Año Caxacius, Mes de las Letras, día 9
20:10 horas
Estratégicamente, habían aceptado ir a la siguiente fiesta a la que los Vazzelort habían invitado, yendo tras Asher hacia el antiguo edificio en una zona movida de la ciudad.
Había sido decorado para la ocasión, con guirnaldas y elegantes detalles en blanco y azul, y apenas ingresaron al salón divisaron a sus objetivos: al otro extremo de la habitación, visibles a través de la multitud del salón, en las únicas mesas del lugar tras unas delgadas cortinas blancas.
Ella, tomando el brazo de su mellizo, que desbordaba seguridad y tenía una media sonrisa en su rostro. Asher, frente a ellos, guiándolos hasta los Chadburn.
Se había ilusionado con la posibilidad de ver a Julian pero, según Joanne y Enriz, aún no estaba lo suficientemente bien para salir de casa.
A pesar de que en parte se preocupó por eso, y deseaba estar con Julian, se alegró de que no estuviera allí para observarla llevar a cabo el plan que había armado con Bastian.
Si Julian estuviera allí, hubiera intentado detenerlos.
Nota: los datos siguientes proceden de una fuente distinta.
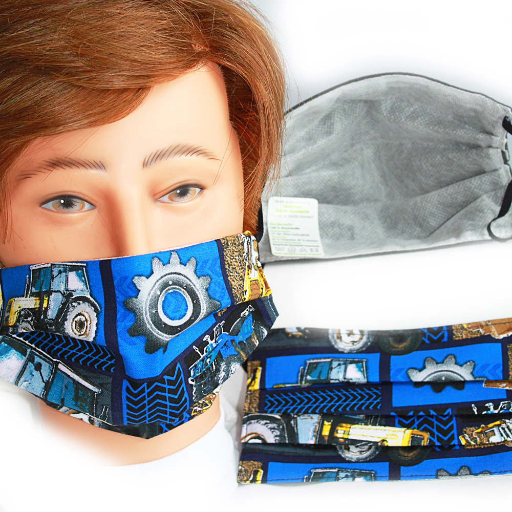 Design Maske aus Baumwolle mit zertifiziertem Innenvlies - Traktor Trekker - 15478 + Gratiszugabe

Hubiera matado a Bastian por dejarla ir sola, y la hubiera amarrado a una silla.
Hipotéticamente.
Después de un rato, ella se alejó entre la gente mientras Bastian hacía reír al grupo y la cubría.
Analizó a su objetivo desde la distancia, fundiéndose entre la gente.
Las mesas estaban alejadas de la gente, y las cortinas eran prácticamente transparentes, burlándose de cualquier tipo de intimidad, misticismo, calidez o sensualidad que pretendían tener frente al resto del salón.
Aunque a nadie parecía importarle.
Unos gigantes centinelas custodiaban la entrada, dejando entrar únicamente a aquellos anotados en una lista que tenían y a unos cuantos meseros.
Se dirigió hacia un pasillo tras un arco fuera del salón, sosteniéndose contra la pared y caminando lentamente, su rostro ligeramente contraído en una mueca de malestar.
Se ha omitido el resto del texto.